What is required: All of the data must be written out verbatim, with pictures excluded.

Provided data Start Marker

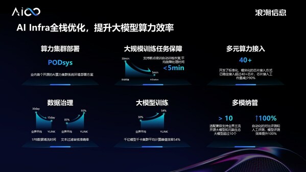 为加速模型生产和落地应用,浪潮信息在AI Infra层面开发了大模型智算软件栈OGAI (Open GenAI Infra)。在算力部署方面,OGAI开源了业界首个AI算力集群系统环境部署方案PODsys;在大规模训练的长时保障方面,从算力调度平台层实现了自动化断点续训;在多元算力接入方面以标准化、模块化接入方式稳定接入超过40+芯片;在数据治理方面构建了流程化、可自定义的数据清洗pipeline,有效缩短数据清洗时间、提升文本审核过滤准确率;在计算效率优化方面,通过对分布式并行算法的极致优化,将千亿参数模型的训练计算效率提升到54%;在多模型管理方面已经支持了超过10个业界主流的开源大模型和元脑生态大模型,用实践证明AI Infra全栈基础软件和工作流的创新是多元算力高效释放、提升大模型算力效率的关键。
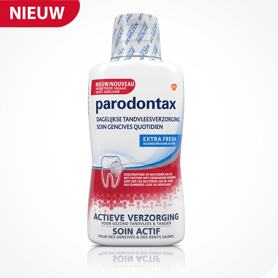 Parodontax® is antibacterieel mondwater voor elke dag dat je tanden (bij dagelijks gebruik) helpt te beschermen tegen bacteriën die tandvleesproblemen kunnen veroorzaken Het bevat fluoride en chloorhexidine. Chloorhexidine vermindert effectief tandplak, de belangrijkste oorzaak van een tandvleesontsteking.
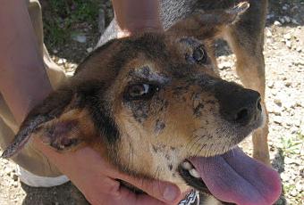 KENY tiene leishmania cutánea y necesita cuidados especiales que no podemos darle en el refugio. Nosotros estamos muy limitados y no disponemos de casas de acogida donde puedan darle los cuidados que necesita.

Provided data End Marker

Expected answer:
 为加速模型生产和落地应用,浪潮信息在AI Infra层面开发了大模型智算软件栈OGAI (Open GenAI Infra)。在算力部署方面,OGAI开源了业界首个AI算力集群系统环境部署方案PODsys;在大规模训练的长时保障方面,从算力调度平台层实现了自动化断点续训;在多元算力接入方面以标准化、模块化接入方式稳定接入超过40+芯片;在数据治理方面构建了流程化、可自定义的数据清洗pipeline,有效缩短数据清洗时间、提升文本审核过滤准确率;在计算效率优化方面,通过对分布式并行算法的极致优化,将千亿参数模型的训练计算效率提升到54%;在多模型管理方面已经支持了超过10个业界主流的开源大模型和元脑生态大模型,用实践证明AI Infra全栈基础软件和工作流的创新是多元算力高效释放、提升大模型算力效率的关键。
 Parodontax® is antibacterieel mondwater voor elke dag dat je tanden (bij dagelijks gebruik) helpt te beschermen tegen bacteriën die tandvleesproblemen kunnen veroorzaken Het bevat fluoride en chloorhexidine. Chloorhexidine vermindert effectief tandplak, de belangrijkste oorzaak van een tandvleesontsteking.
 KENY tiene leishmania cutánea y necesita cuidados especiales que no podemos darle en el refugio. Nosotros estamos muy limitados y no disponemos de casas de acogida donde puedan darle los cuidados que necesita.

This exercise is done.